Didriks / flickr / 2012 / CC BY 2.0

Contents hide
  • 1 Flat Cooling Racks
  • 2 Tiered
  • 3 Baker’s Rack
  • 4 Bread Cooling Rack
  • 5 Substitutes

A cooling rack is a device that you put hot baked goods on straight out of the oven. It allows air to circulate under them, which helps prevent condensation which could make the bottom soggy. It also helps to crisp up baked cooks that are meant to be crisp.

You use a cooling rack as a rest for either food that has been removed from a baking pan or sheet, or for an entire hot baking vessel: it can depend on the food item, and the stage you are at with it.

Some cakes you put on the cooling rack right in their pan for a short while first, and then remove the cake from the baking pan and put the cake back on the rack by itself.

There are many different designs of cooling racks; some are non-stick. A great many cooking racks are still made out of steel covered with chrome. These tend not to be dishwasher safe and will rust away if you put them through.
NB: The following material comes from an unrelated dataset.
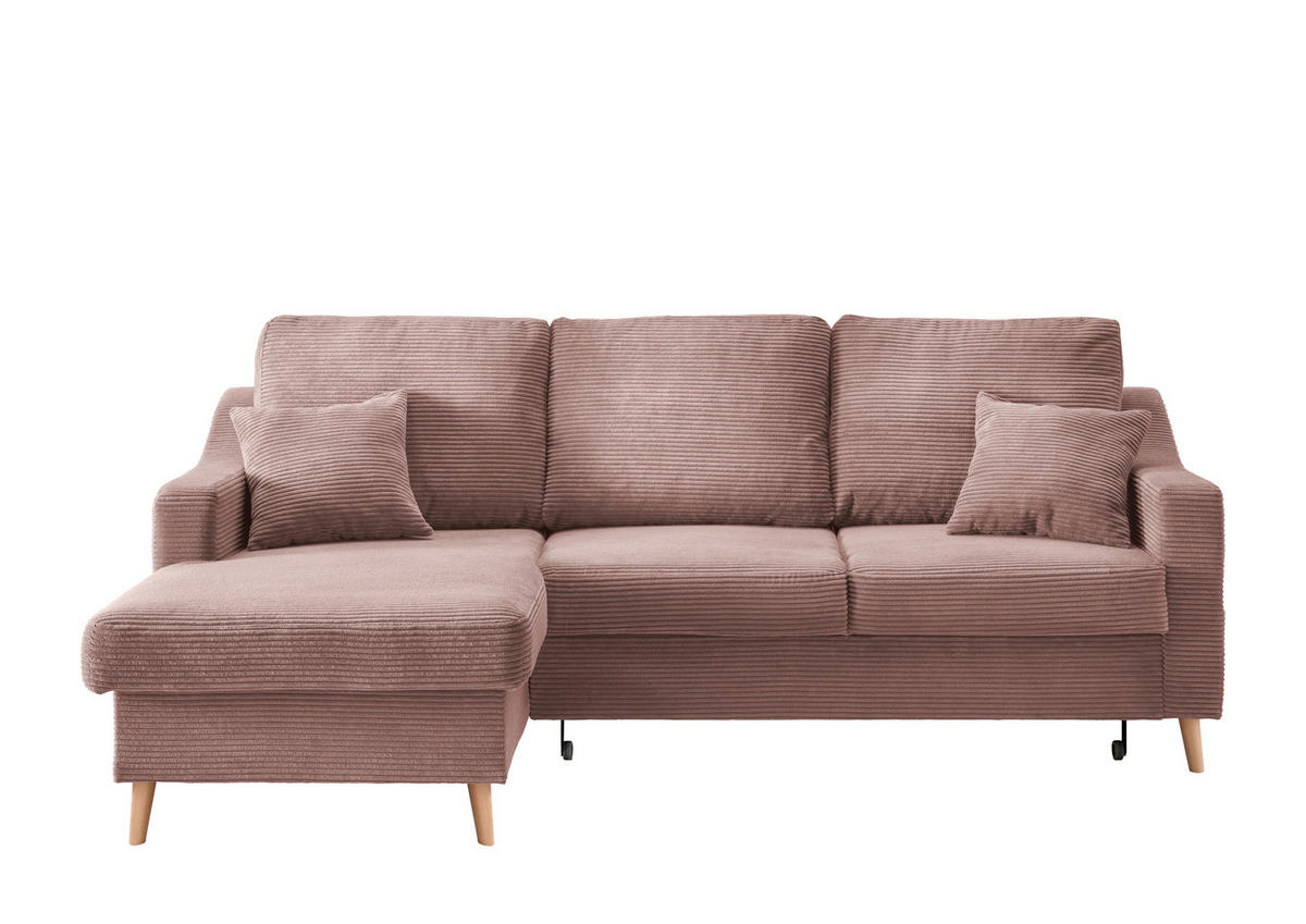 ECKSOFA Rosa Cord Zierkissen, Rückenkissen, Bettkasten, Schlaffunktion, Rücken echt, Stauraum, Liegefläche im Originalstoff

Many other ones, though, are dishwasher safe.

Flat Cooling Racks

There are many different sizes and shapes of flat cooling racks, made out of many different materials.

A flat one will be a square, rectangular or circular grid of wires, with feet on edges of the grid to raise it a short distance off the work surface. The wires making up the grid are relatively thick, sturdy and non-flexible to provide good support for delicate items such as cakes. The wires are close enough so that the grid they form doesn’t allow small items such as cookies to slip through.
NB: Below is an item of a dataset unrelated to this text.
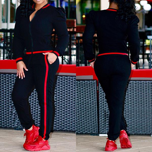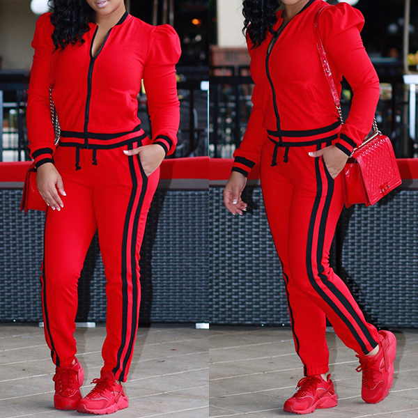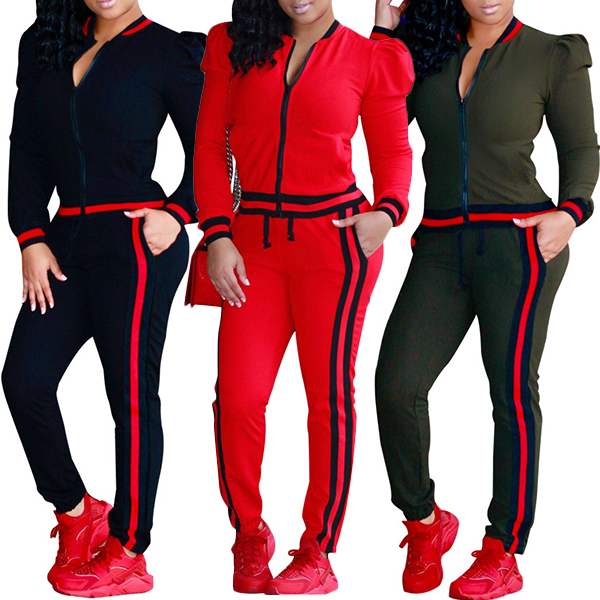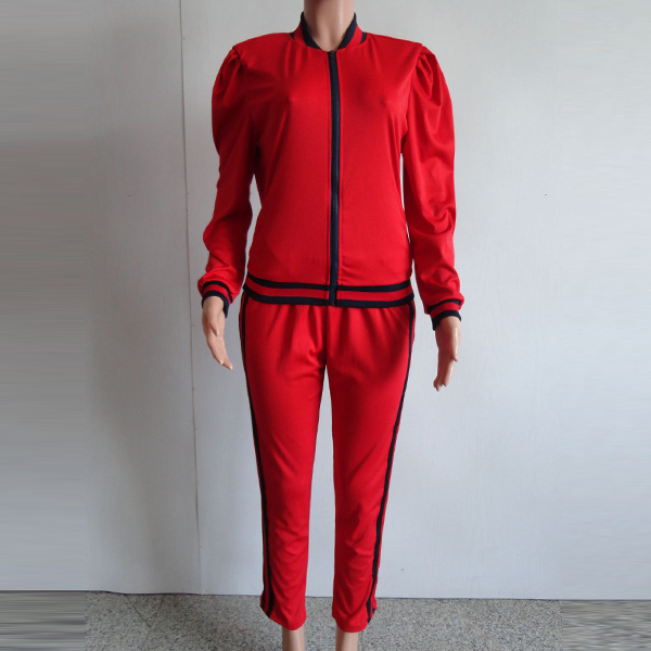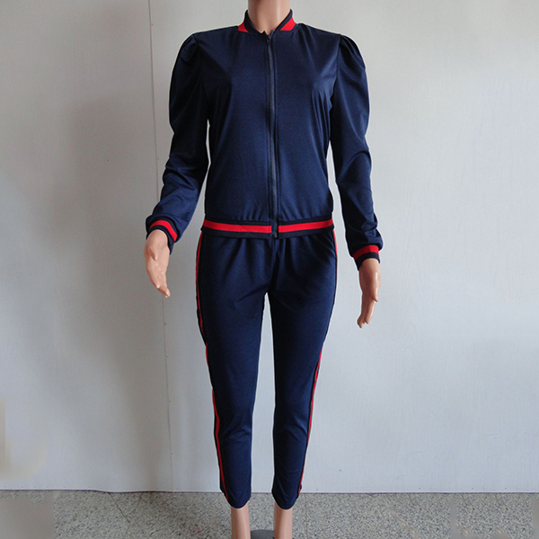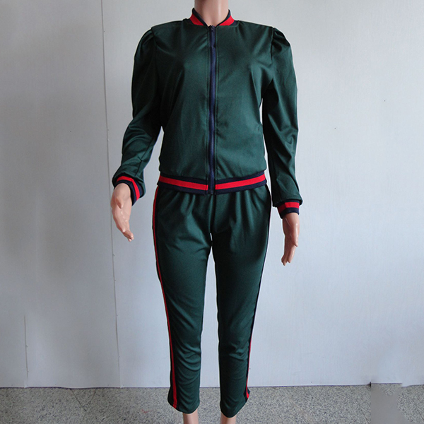 It consists of a long sleeve stand collar sweatshirt coat and a sports pants,crafted from soft and breathable fabric,

It is best to have at least two of these, especially if you ever make cookies. With only one, you’ll find yourself wondering what to do with the first batch that is still cooling on the rack when the second batch is ready to come out of the oven and wanting space on a cooling rack.

Cooling rack

Marco Verch : https://foto.wuestenigel.com/ flickr / 2017 / CC BY 2.0

Tiered

Tiered cooling racks usually have a minimum of two tiers, with at least 10 cm (4 inches) clearance space between each rack.

They allow you to cool more things on less work surface space.

Some are “stackable”: you buy them one or two at a time, and you can use just one at a time, or stack them on top of one another as needed.

The tiered ones that are all one piece can be harder to store, though some fold up.

Baker’s Rack

In contrast to regular cooling racks, a baker’s rack is much larger and doesn’t have a cross-grid. The shelves are just metal side bars, with no wire grid between them. And, the rack is meant to hold whole baking pans loaded with multiple baked items, rather than have baked items set out on it individually.

The bars are meant to act as supports for entire baking trays. You don’t remove the goods from the baking sheets, but rather just place the entire baking sheet as is out of the oven onto a shelf in the rack.

The shelves are made of strong material to hold all the weight. The racks are often wheeled.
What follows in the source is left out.